W dniu 24 czerwca 2008 r. około godziny 14.15 zasłabła moja 85-letnia matka. Narzekała bardzo na ból głowy i ból w klatce piersiowej. Moja sąsiadka wykręciła numer pogotowia ratunkowego w Szczytnie około 14.20. Pani odbierająca telefon (...) odmówiła zdecydowanie wysłania karetki. Matka na szczęście ten atak choroby przeżyła. Mnie natomiast niepokoi to, czy osoby w wieku mojej matki nie mają prawa do fachowej pomocy w chwilach zasłabnięcia i godnego traktowania?

Maria Ptaszyńska,

Rekownica

O ustosunkowanie się do powyższego listu poprosiliśmy p.o. dyrektora Szpitala Powiatowego w Szczytnie Marka Michniewicza. Oto jego odpowiedź:

(...) Problem, z jakim codziennie borykają się nasi dyspozytorzy to brak elementarnej wiedzy społeczeństwa na temat obowiązków lekarza podstawowej opieki zdrowotnej i obowiązków pogotowia w nowym systemie ratownictwa.

Od 1 stycznia 2008 r. podstawowy zespół ratowniczy składa się z wykwalifikowanych ratowników medycznych, którzy przygotowani są do szybkich akcji ratowniczych, zabezpieczenia pacjenta i przewiezienia go do najbliższego szpitala. Tymczasem lekarz rodzinny ma obowiązek zajmowania się swoimi pacjentami w sytuacji zachorowania i pogorszenia stanu zdrowia. Opieka taka jest zagwarantowana każdemu ubezpieczonemu pacjentowi przez 24 godziny i opłacana przez NFZ lekarzowi poz.

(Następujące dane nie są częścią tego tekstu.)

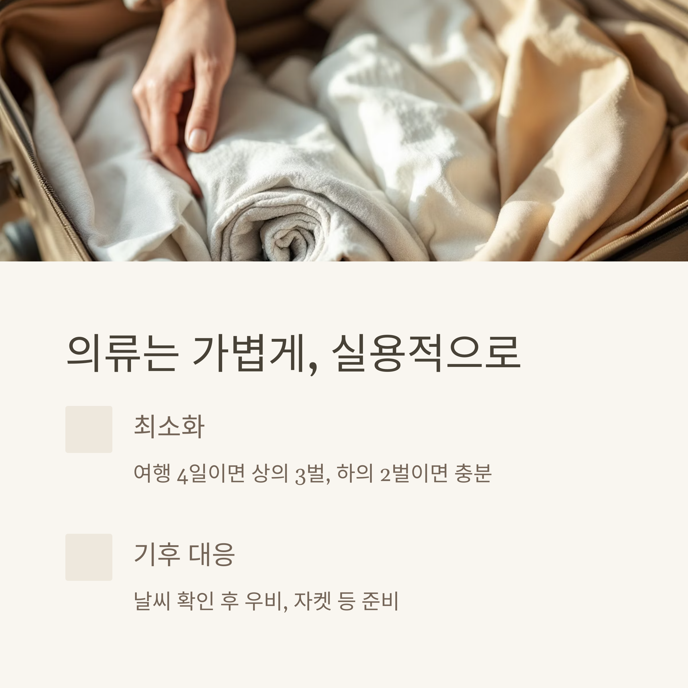 👚 3. 의류는 가볍게, 실용적으로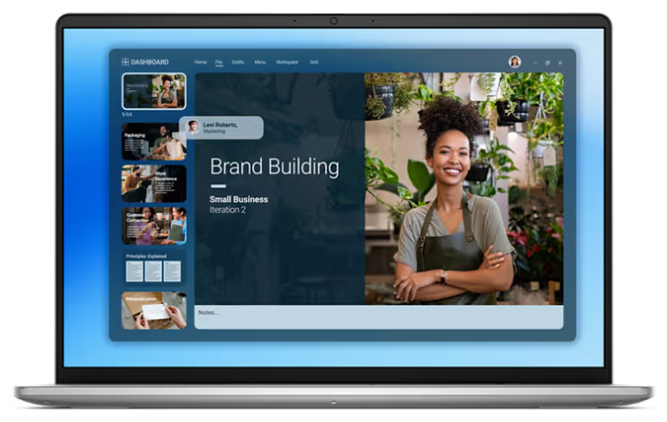 Laptop Dell 16 DC16251 Thưởng thức hình ảnh rõ nét và không gian hiển thị rộng rãi trên màn hình 16 inch cùng tỷ lệ 16:10, mang đến trải nghiệm xem rộng và đắm chìm hơn.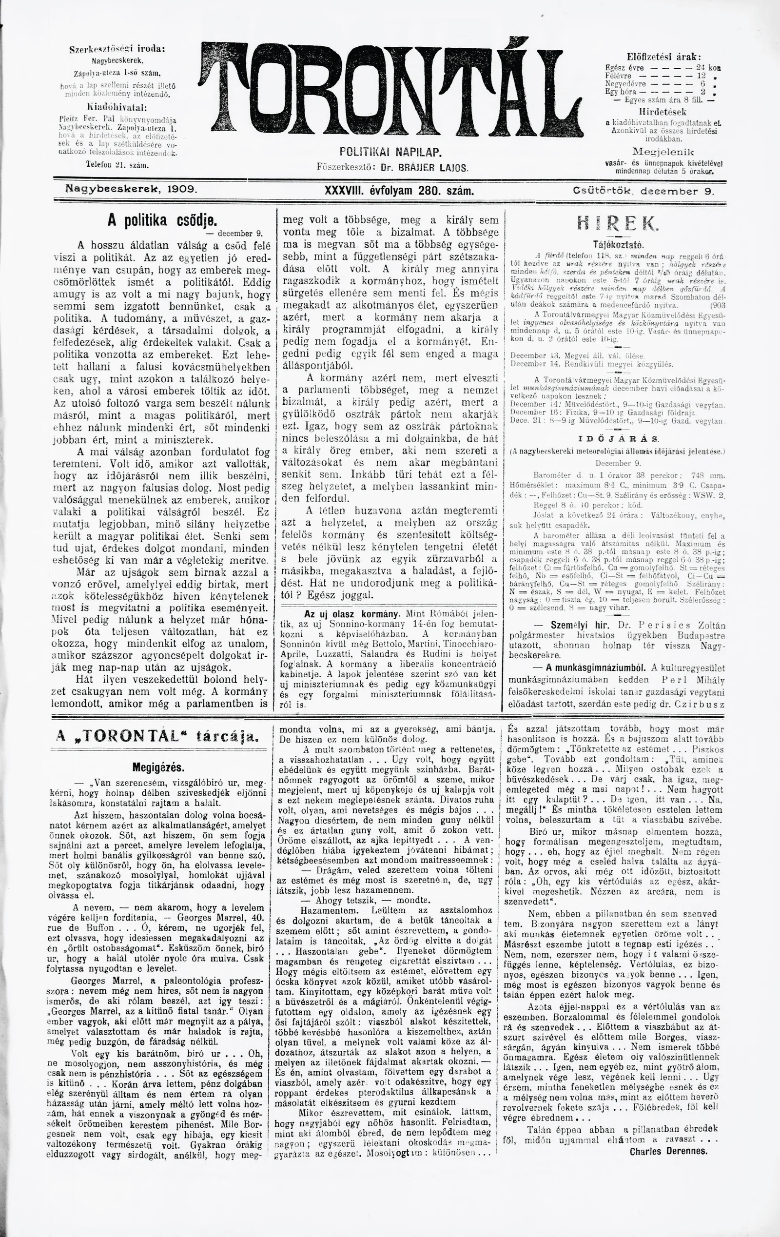 Torontál, 38. évf. 1909. december 9. 280. sz.

Nie może być takiej sytuacji jak ta wynikająca z nagrania, że wzywająca pogotowie mówi, że Pani doktor nie przyjedzie, bo pracuje do 15.00. Wiedza na temat praw pacjenta do podstawowej opieki lekarskiej powinna być przekazywana przez lekarzy rodzinnych, ale sami wiemy, jak to wygląda. Codziennie trafiają do szpitala osoby, którymi powinien zająć się lekarz rodzinny.

Może więc za pośrednictwem „Kurka” można stworzyć cykl artykułów, które w przystępny sposób przybliżą społeczeństwu zasady panujące w obecnym systemie ochrony zdrowia.